The AI market is heading the same way. Anthropic's Claude Code Max sits above per-token consumption and caps the variable cost. GitHub Copilot is per-seat. Cursor is tiered per-seat with consumption guardrails. Cognition's Devin charges in Agent Compute Units — a consumption budget abstracted above tokens. None of these are outcome pricing. They are wrapping. The customer no longer sees the syllable on the invoice. The wholesale unit underneath is still the token.
Who defects first matters. Token pricing is profitable and the variance risk sits with the customer; established providers have little reason to move first on margin alone. The historical move off per-word pricing in journalism came through labor organization and professionalization, not customer dissatisfaction. The analogous mover here is most likely a new entrant willing to absorb variance in exchange for share, or an established provider under margin pressure packaging tokens behind a contract to differentiate. Whoever moves first sets the wrapping standard. The token persists; the bill changes shape.
Build the artifacts anyway
If you are running a serious AI stack today, the pricing UX is something you absorb whether you notice it or not. The practical move is to build the artifacts anyway. The supervisory stack — tests, evals, dry-runs, proof chains — pays for itself in incidents avoided. The bill is real. The engineering is right.

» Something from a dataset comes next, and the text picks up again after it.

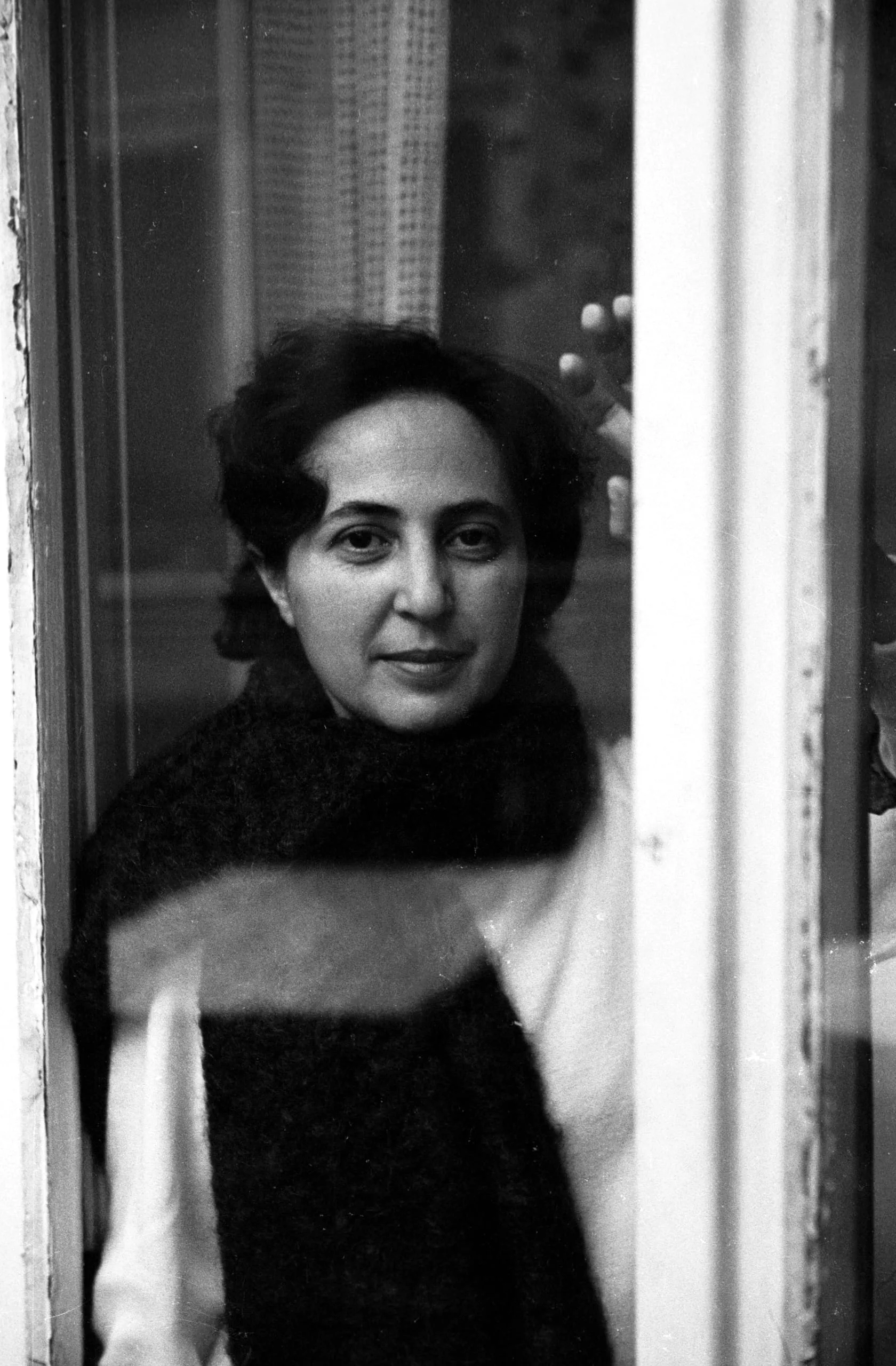 Black and white photograph of a dark-haired woman in a chunky dark wrap, photographed through a glass window pane with soft, diffused lighting

The harder move is to notice when the gradient is pulling against you. Every team that builds disciplined supervision on top of a per-token API also builds ongoing pressure to skip the supervision when the token bill arrives. The per-call habit of asking can we afford to run this one? every time the meter clicks is the habit that hands the pricing model authorship of your agent.
Build the artifacts anyway. Notice when the gradient is pulling against you. Push for contracts that hide the per-call meter, so the engineer's daily decision is engineering, not accounting.